Standalone citation tools

  • Cite Right — paid (~$20); standalone citation generator for genealogists.
  • CiteSource — older; mostly historical.
  • Zotero with the Evidence Explained templates — free; if you already use Zotero for academic work; citation styles imported via CSL. See Citations & Reference (Zotero).
  • Mendeley — paid; less used in the genealogy community.

Source organization patterns

  • Source-record-citation hierarchy (Mills' model) — the Source (the book / website) has Records (specific images / pages); each Record can be Cited multiple times for different Facts.
  • Layered citation — first reference is full; subsequent are shortened.
  • Online sources — include the site name, URL, access date, and the underlying provenance (e.g., "Ancestry.com → Texas Marriages → originally from Texas State Archives microfilm").
  • Paper trail — link source citations in your tree to PDFs in your DMS (see Self-Hosted Document Management) — Paperless-ngx URLs are stable enough to embed.

Source-quality grading

  • Original vs. derivative — original (the actual record) > derivative (a transcript / index). Always cite the most original you've seen.
  • Primary vs. secondary information — primary is from someone with first-hand knowledge at the time; secondary is later report. Death certificate's birth date is secondary (the informant wasn't present at birth).
  • Direct vs. indirect evidence — direct answers the question; indirect requires reasoning.
  • Negative evidence — absence of expected record matters; record it.

Templates / forms

  • Family Group Sheet — free PDF templates from Ancestry, FamilySearch, Family Tree Magazine, Mid-Continent Public Library.
  • Research log — free templates; track what you searched, where, when, and what you found / didn't.
  • Source citation worksheet — Mills publishes free worksheets at EvidenceExplained.com.
  • Timeline template — free; chronological summary of an individual's documented life.

Backup / portability of citations

  • GEDCOM citation round-trip — see Genealogy GEDCOM Formats; GEDCOM 5.5.1 flattens nuanced citations, 7.0 better.
  • Plain-text export — export a research report as Markdown or PDF as the durable backup; the app's citation database is replaceable but your prose isn't.
  • DMS-as-source-store — store the actual source PDF / image in Paperless-ngx; cite by stable URL from your tree.

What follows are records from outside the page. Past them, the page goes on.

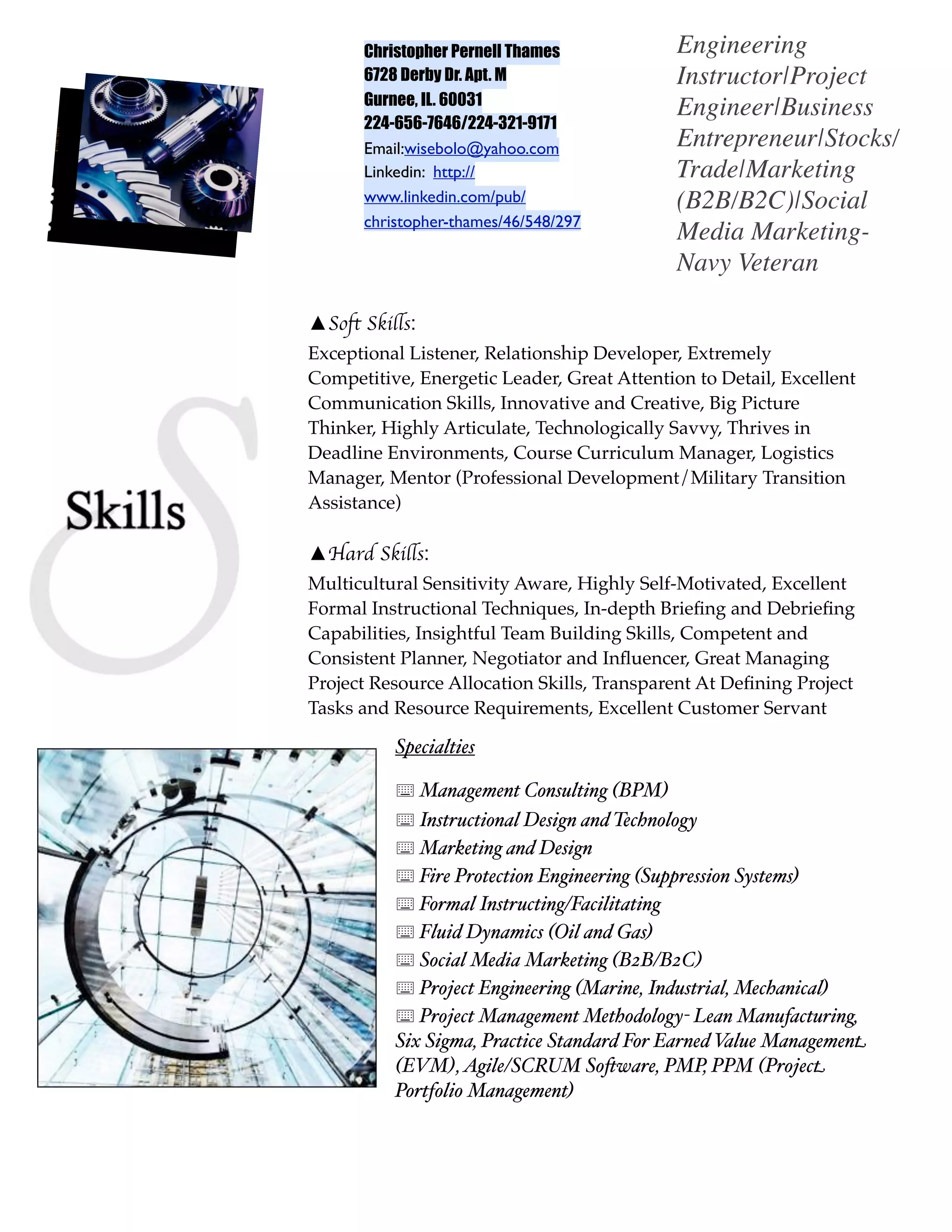 This document provides a summary of Christopher Pernell Thames' contact information, work experience, skills, education, and certifications. It identifies his areas of specialty as management consulting, instructional design, marketing, fire protection engineering, and social media marketing. It also lists his soft skills such as being an exceptional listener and innovative thinker. His hard skills include being highly self-motivated and having excellent project management skills. His work experience includes serving in the U.S. Navy and working as an engineering instructor. He has obtained certifications in areas such as gas-free engineering and as a Navy master training specialist.
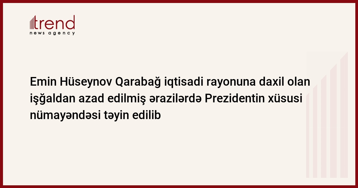 Trend-in məlumatına görə, Emin Zamin oğlu Hüseynov “Azərbaycan Respublikasında iqtisadi rayonların yeni bölgüsü haqqında” Azərbaycan Respublikası Prezidentinin 2021-ci il 7 iyul tarixli 1386 nömrəli Fərmanı ilə müəyyən edilmiş Qarabağ iqtisadi rayonuna daxil olan işğaldan azad edilmiş ərazilərdə (Şuşa rayonu istisna olmaqla) Azərbaycan Respublikası Prezidentinin xüsusi nümayəndəsi təyin edilib.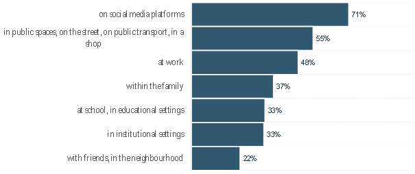 The findings underscore the amplifying role of social media: nearly three-quarters (71 per cent) of respondents aged 15 to 39 report having encountered generational conflict on social media platforms. Public spaces, such as streets, represent the second most common setting, with 55 per cent reporting such experiences, reflecting the fact that these spaces are typically shared with strangers. Fewer than half of respondents report experiencing generational conflict in the workplace, approximately one-third within the family or in educational and institutional settings, and just over one-fifth within their neighborhoods.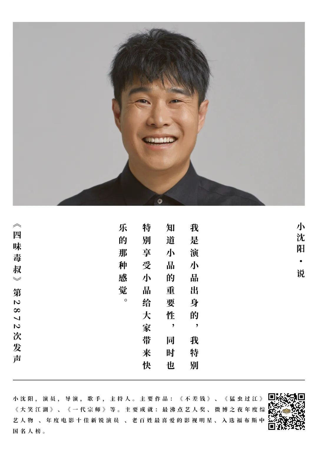 **小瀋陽:**大家對我這句話的意思可能有些誤會,我的説法是,沒有好的小品我是不會再演了,但如果有好的小品出現,我還是會演的。因為我是演小品出身的,我特別知道小品的重要性,同時也特別享受小品給大家帶來快樂的那種感覺。作為一個演員來講,他在台上短短的20多分鐘、15分鐘、10分鐘,能夠把大家逗得那麼開心是一件很爽的事情。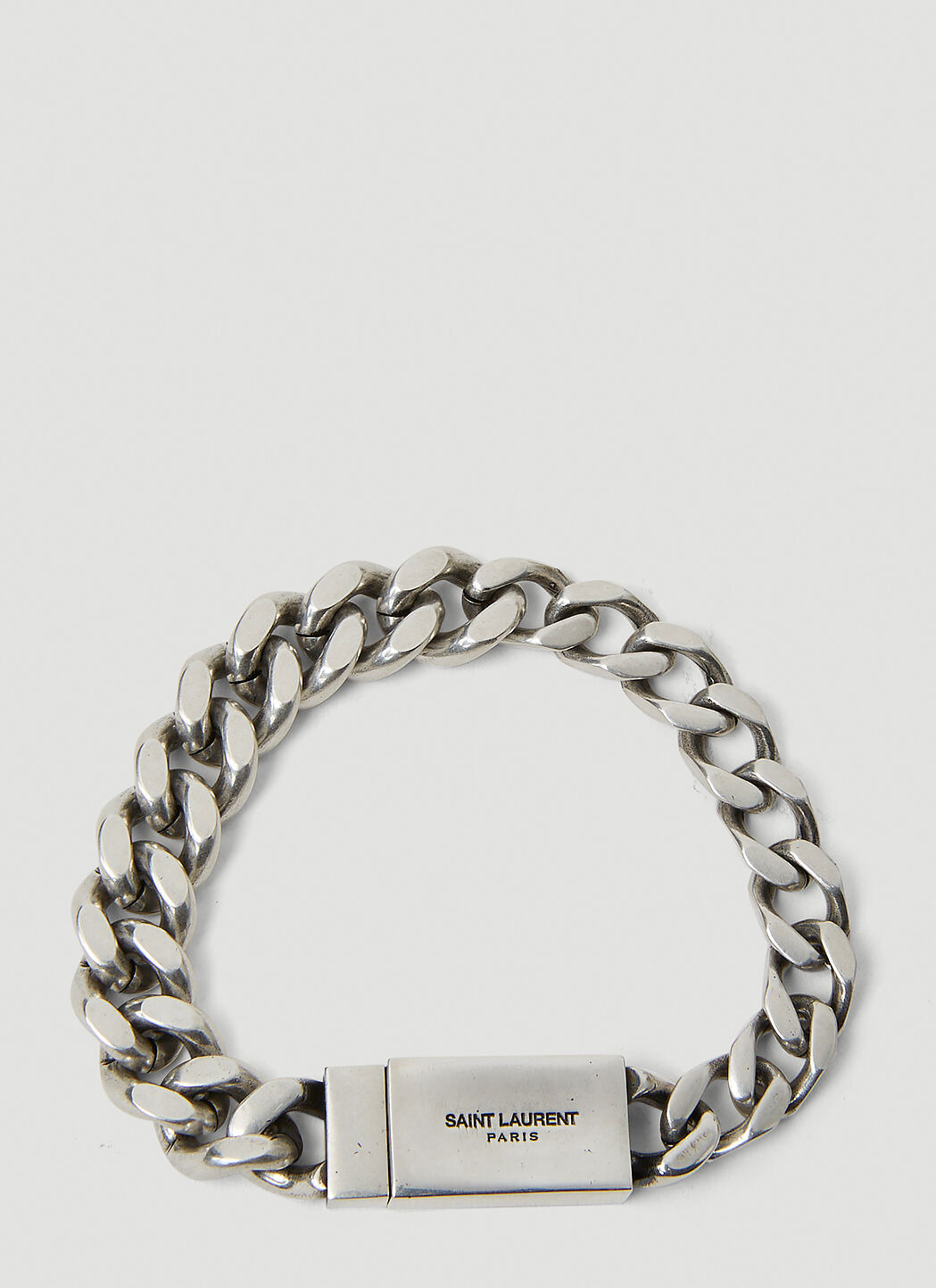 Curb chain bracelet with engraved logo plaque - Push-clasp fastening - Logo engraving at fastening - Made in Italy - 100% Brass - Color: Silver - Code: 731208 Y1500 8142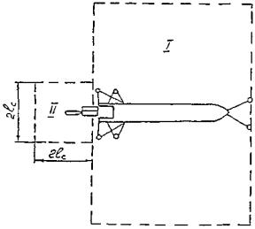 где: Qэj, Qиj - расчетный годовой грузооборот, приходящийся на лихтеровоз j-того типа в проектируемом комплексе соответственно в экспорте и импорте, т; nсj - количество судозаходов лихтеровоза j -того типа в год; Dлэj, Dлиj - средневзвешенная загрузка лихтера j-того типа при перевозке соответствующих грузов в экспорте и импорте, определяется на основании исходных данных в зависимости от грузооборота и номенклатуры грузов, т; nлпj - количество порожних лихтеров, погружаемых и выгружаемых на лихтеровоз j-того типа за один судозаход в проектируемом комплексе, устанавливают в проекте в зависимости от организации работы линий, обслуживаемых комплексом, ед. 17.2.1.5. К основным параметрам причальных устройств для лихтеровозов относятся глубины у причальных устройств и размеры акватории, необходимой для обработки судов-лихтеровозов. 17.2.1.5.1. Глубину причального устройства для лихтеровозов следует устанавливать в проекте согласно требованиям Раздела 2. Примечание: Осадку Т (м) судна-лихтеровоза расчетного типа принимают по наибольшей осадке кормы во время проведения на нем погрузочно-разгрузочных работ. 17.2.1.5.2. Площадь акватории рейдового причального устройства для лихтеровозов делится условно на две зоны (см. рис. 19): I - операционная зона лихтеровоза; II - операционная зона для работы буксиров с лихтерами. Размеры акватории зоны I определяют в соответствии со схемами рекомендуемого Приложения 29 в зависимости от способа постановки судна-лихтеровоза.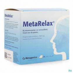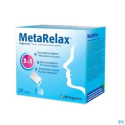 MetaRelax® est un complexe de magnésium complet à utiliser pour soutenir les fonctions psychologiques comme lors de moments de stress (folate), en cas de fatigue (folate, magnésium et vitamine B6) et pour soutenir les muscles (magnésium et vitamine D).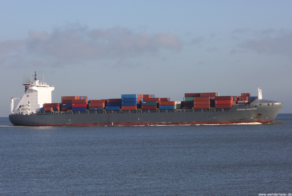Containerschiff elbaufwärts vor Cuxhaven-Groden am 08.02.2009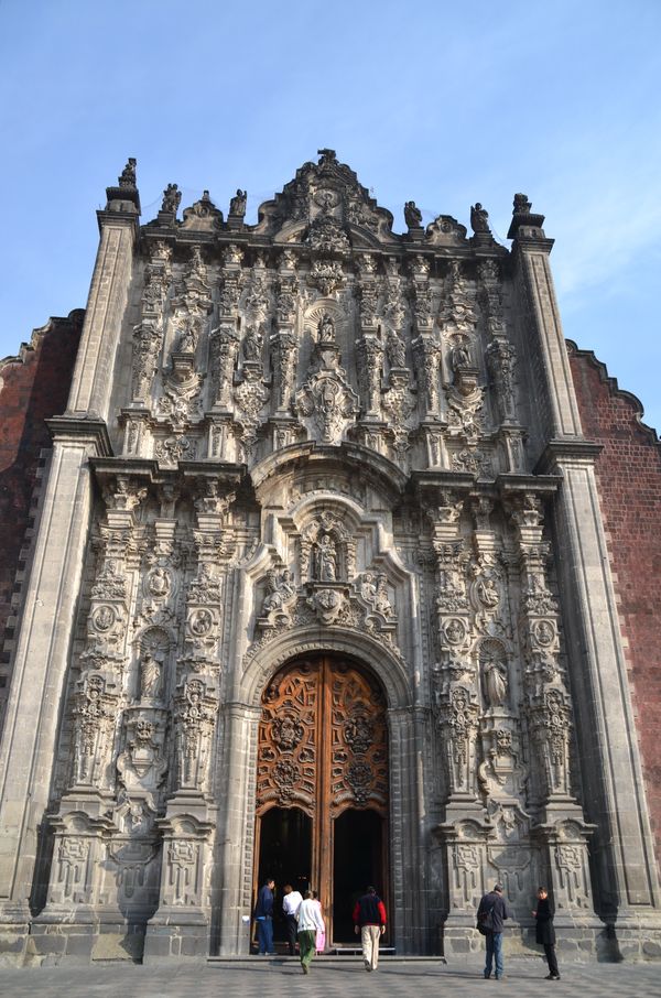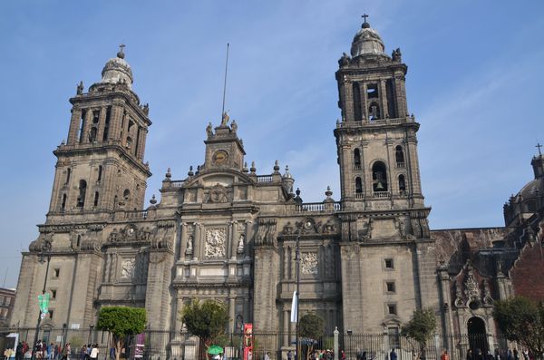 La Place de la Constitution, appelée aussi Zocalo, est située au cœur de la capitale. Elle est l'une des plus grandes places au monde. Le terme zocalo vient de l'italien zoccolo (piédestal) ou socle (zocalo). Cette place fut édifiée au XVI ème siècle par les Conquistadors, à l'endroit même où se tenait le centre politico-religieux de Tenochtitlan, alors capitale de l'empire aztèque. On y voit la Cathédrale métropolitaine de Mexico ( ci-dessous). C'est la plus grande cathédrale d'Amérique et elle fut construite dans un style baroque espagnol avec ses deux tours néoclassiques de 64 mètres de hauteur, et qui portent dix-huit cloches. Trois ans après la conquête espagnole de la cité aztèque de Tenochtitlan, Hernan Cortès entreprendra la construction d'une première église, qui sera convertie en cathédrale par Charles Quint et le Pape Clément VII d'après la bulle du 9 septembre 1530. La cathédrale obtiendra le titre de métropolitaine en 1547 sur décision de Paul III. Devenu très vite trop petit, l'édifice fut détruit en 1571. Une nouvelle cathédrale fut alors bâtie par le vice-roi Martin Enriquez de Almanza et l'archevêque Pedro Moya de Contreras. Celle-ci sera consacrée en 1667. A l'intérieur, une curiosité: La chapelle latérale, la Sagrario (deuxième photo), de style churrigueresque mexicain, fut érigée entre 1749 et 1769. Le style baroque churrigueresque se caractérise par une abondance ornementale et apparaît en Espagne au XVIII ème. Il tient son nom à la famille des Churriguera, sculpteurs à Salamanque. Il faudra attendre 1813 pour que la cathédrale soit complétée par des éléments finaux, deux clochers et un dôme central, qui sont l'œuvre de l'architecte néo-classique espagnol Manule Tolsa.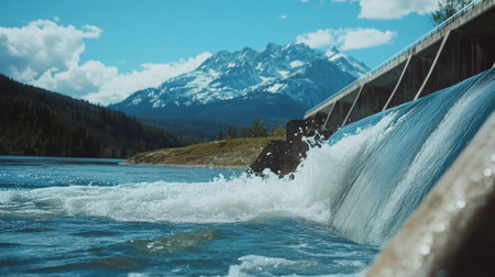 A hydroelectric dam generates power amidst a picturesque mountain landscape, showing the power of nature harnessed for sustainable energy.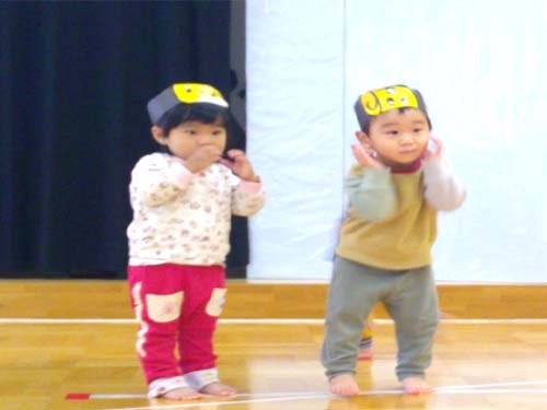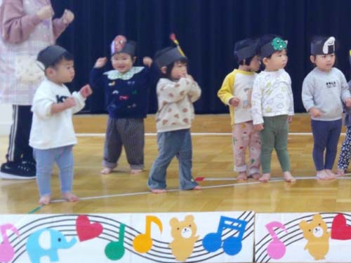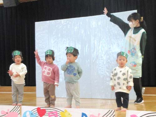 まずはお部屋で曲に合わせて行進や踊り、お返事の練習から始めました。練習を続けていくと、「さんぽ」の曲を聴くだけで友だちと一緒に行進をしたり、「みてー!」と踊りを見せてくれる子どもの姿が増えてきました。最後にはいちご組さんをお客さんに、遊戯室で練習もしました。緊張する子どもの姿もありましたが、しっかりと最後まで発表をして「みてくれてありがとう!」といちご組さんに手を振ることが出来ました!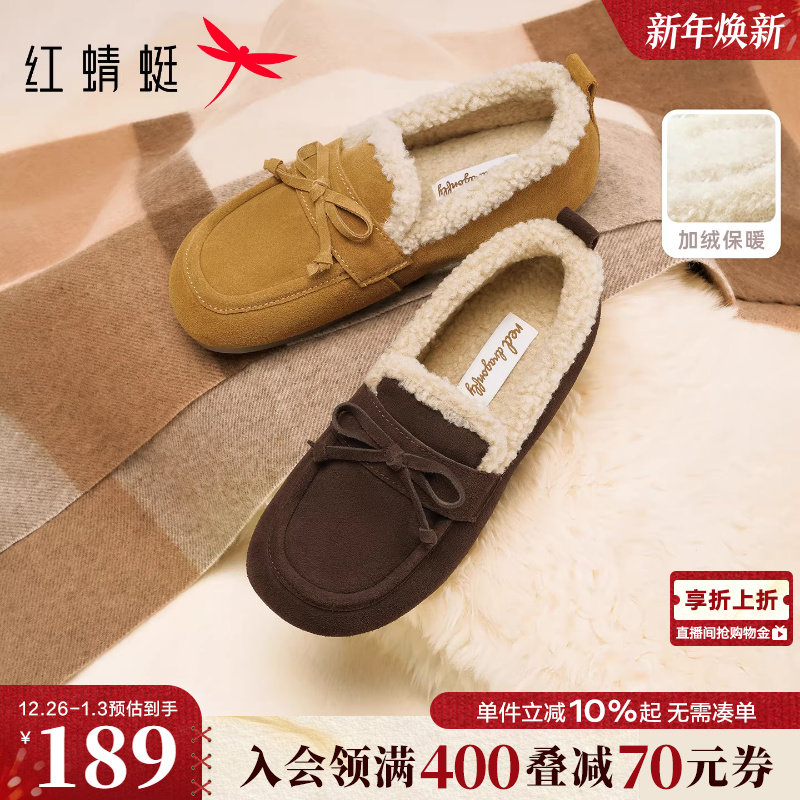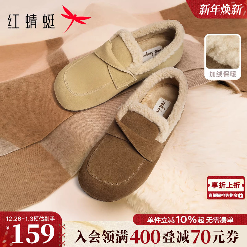 红蜻蜓加绒勃肯鞋女2025冬季新款女鞋一脚蹬豆豆毛毛鞋棉鞋雪地靴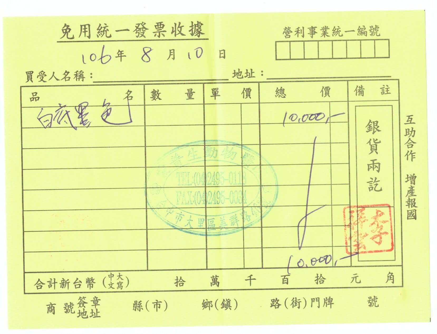 收據可抵稅請將地址mail至cashier@tnrtw.org0912940006763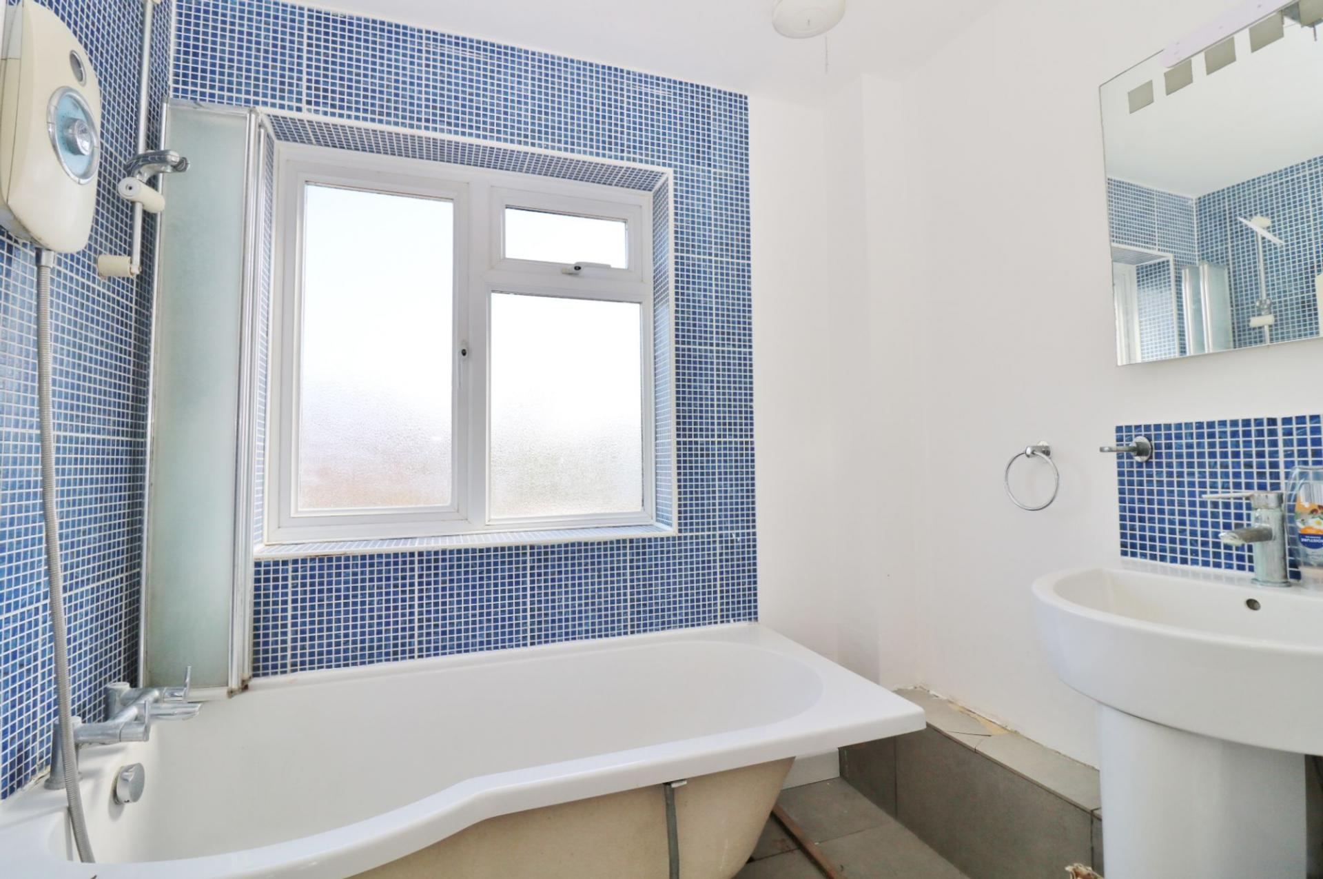 The family bathroom has a P-shaped bath with shower over, wash hand basin, WC and a window to the rear.

Citation patterns to adopt

  • Cite the moment you record the fact — never "I'll cite later." You won't.
  • Photograph the cover page of any book / record set you used; citing publication detail is easier with the photo.
  • Save the screenshot + URL of any database hit; web sources move and break.
  • Link the citation to the document image — Gramps and RootsMagic both let you attach a media object to a citation.

What's changing in 2024–2026

  • AI-extracted citations — Claude / GPT-4o reading a document image and producing an Evidence Explained-formatted citation. Useful but verify.
  • Stable URL standards — FamilySearch's image links remained stable through redesigns; Ancestry's break sometimes. Cite the persistent identifier where available.
  • DOI for genealogical datasets — emerging in academic genealogy publication.
  • Mills' Evidence Explained 4th edition anticipated; current 3rd ed. still authoritative.

Pick this if…

  • The reference book to own: Evidence Explained (3rd ed.).
  • Best citation templates in software: RootsMagic.
  • Workflow guide: Mastering Genealogical Proof + BCG Standards.
  • Free, freeform sourcing in FOSS: Gramps + Mills as a desk reference.
  • Standalone citation tool: Cite Right or Zotero w/ CSL.
  • Linking citations to scans: Paperless-ngx (URL embed) + tree app's media objects.